Selon le premier principe de la thermodynamique, l'énergie n'est ni créée ni détruite mais convertie sous ses différentes apparences. Par exemple lors de la photosynthèse, les plantes vertes convertissent de l'énergie photonique en énergie potentielle de liaisons covalentes retrouvées dans le glucose ou l'amidon synthétisés à partir du dioxyde de carbone. Dans toutes les cellules du vivant l'énergie potentielle de liaisons covalentes peut être convertie vers un potentiel électrique de membrane ou un gradient de concentration trans-membranaire. Et évidemment aussi en chaleur.

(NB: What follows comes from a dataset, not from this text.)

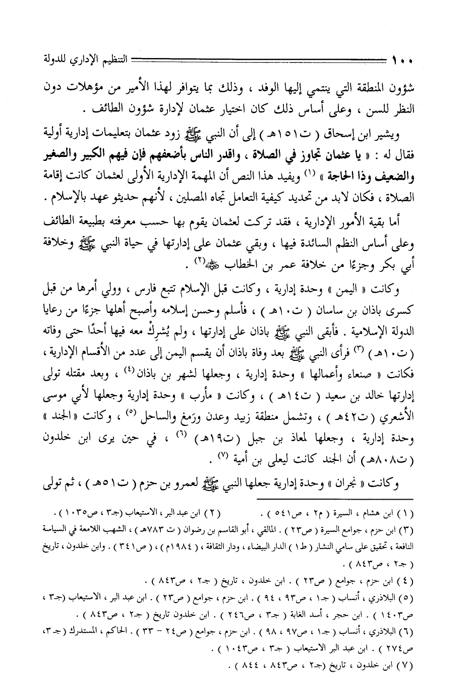 أما بقية الأمور الإدارية، فقد تركت لعثمان يقوم بها حسب معرفته بطبيعة الطائف وعلى أساس النظم السائدة فيها، وبقي عثمان على إدارتها في حياة النبي صلّى الله عليه وسلم وخلافة أبي بكر وجزا من خلافة عمر بن الخطاب رضي الله عنه «2» .

Les systèmes biologiques fonctionnent généralement à température (T) et pression (P) constantes. Dans de tels systèmes, une fonction d'état thermodynamique
appelée énergie libre de Gibbs (G) permet de prédire la spontanéité d'une réaction chimique. Soit envisagée une transformation d'un état A vers un état B :
• si ΔG < 0 (réaction exergonique), la spontanéité mène le système de A vers B.
• si ΔG> 0 (réaction endergonique), la spontanéité conduit le système de B vers A.
• si ΔG= 0, le système est à l'équilibre.
Attention. Le fait qu'un processus puisse être qualifié de spontané ne signifie pas que le processus se déroule à vitesse importante. La thermodynamique (avec ΔG) renseigne de ce qui est naturellement possible (spontanéité) mais ne dit rien de l'aspect cinétique ! La cinétique sera peut être très rapide ou peut être nulle...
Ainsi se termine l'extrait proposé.